On August 13th, 1905, the Gjoa once more got under way on her westward journey. The observations, magnetic and other, had been kept continuously for 19 months, and the large number of Nechilli Eskimos who had been in their neighbourhood, or had come long distances to see them, had also given them abundant opportunity for ethnological notes on these people. Fortune still favoured the expedition, the sea proved sufficiently clear of ice, and though they had an anxious time navigating through the shoals and islands which lay between Nordenskiöld I. and the Royal Geographical Society’s group, they had cleared Dease Strait on the 19th of August, and Union Strait four days later. Off Baring Land on August 26th they met the first whaler from the Bering Strait side, and had, as they thought, practically accomplished their task.

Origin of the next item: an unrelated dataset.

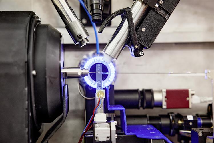 測量站P11處的樣品架(左)在來自PETRA III加速器的X射線光下旋轉(zhuǎn)樣品。同時,一股冷氮氣流冷卻了樣品。借助許多來自不同方向的散射圖像,可以計算出蛋白質(zhì)-藥物復合物的分子結(jié)構。圖片由DESY / C / Schmid提供。

They were still a long way from having done so, however, for a few days later they encountered heavy pack at King Point, off the mouth of the Mackenzie River, and here they were reluctantly compelled to pass a third winter. There were many Eskimos here, and at Herschel I., 35 miles away, five whalers were wintering. While at King Point the magnetic observer, Wijk, died of pneumonia. Early in August, 1906, the Gjoa resumed her voyage, passed through Bering Strait without further incident, and arrived at Nome August 31st, thus completing a voyage of extraordinary pluck and endurance, and it must be added, of scarcely less extraordinary good fortune.